Master of Applied Science (MASc)


Civil Engineering


Wael El-Dakhakhni




Unreinforced masonry (URM) constitutes a large part of current building inventory worldwide, and this type of construction also represents a major seismic risk, especially in developing countries where URM is widely used. During an earthquake, URM walls are unable to dissipate seismic forces without experiencing considerable damage or collapse. Due to their lack of ductility, URM walls fail in a brittle manner, which can leads to damaged face shells becoming falling debris and a major source of hazard. The aim of this study is to investigate the applicability of using polyurethane foams as an inexpensive reinforcement technique for both retrofitting existing and new URM construction.

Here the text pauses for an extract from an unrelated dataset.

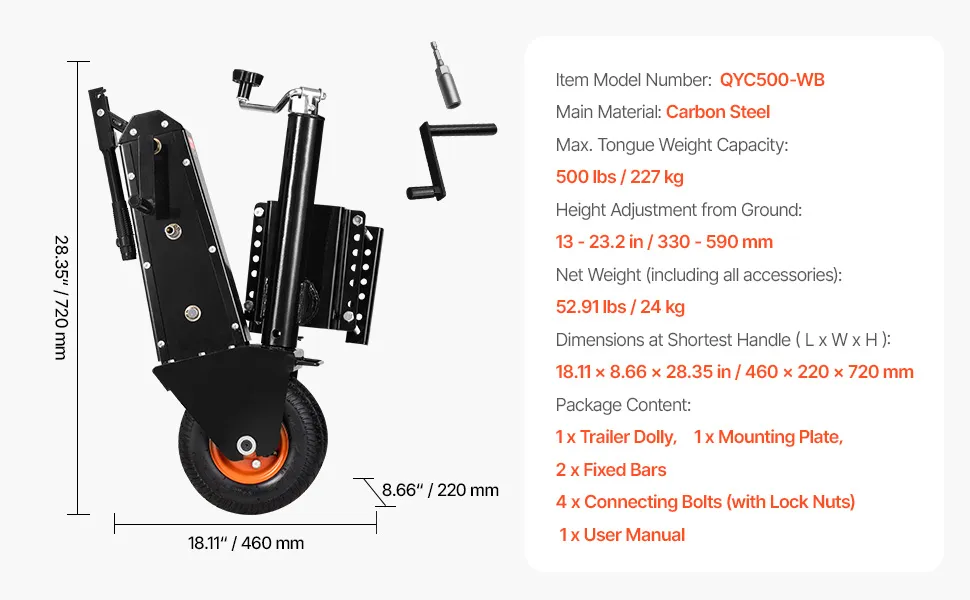 Questo carrello per rimorchi vanta una capacità di carico massima di 500 libbre, garantendo un traino robusto e flessibile per camper, barche e altri veicoli ricreativi, rendendo la gestione del rimorchio semplice e agevole.

Experimental testing of the reinforced masonry walls showed a large increase in the resiliency of the wall, with an increase in the out-of-plane capacity of up to 34 times over the URM specimen, and with the addition of rope reinforcement an increase in the out-of-plane capacity of up to 90 times the URM specimen was achieved. This system allows walls to experience a considerable amount of deflection before ultimate failure is reached. Within certain limits, the polyurethane foam is able to demonstrate elastic characteristics. By developing foam with higher densities, higher compressive, tensile, flexural and shear strengths can be reached. This type of reinforcement allows for less damage during low seismic events, and through the greater resiliency of the system, walls are able to remain stable and exhibit post-peak strength during a stronger seismic event. In its ultimate limit state, the wall will fail, however collapse is typically prevented – reducing the amount of hazardous debris and saving the lives of the buildings occupants.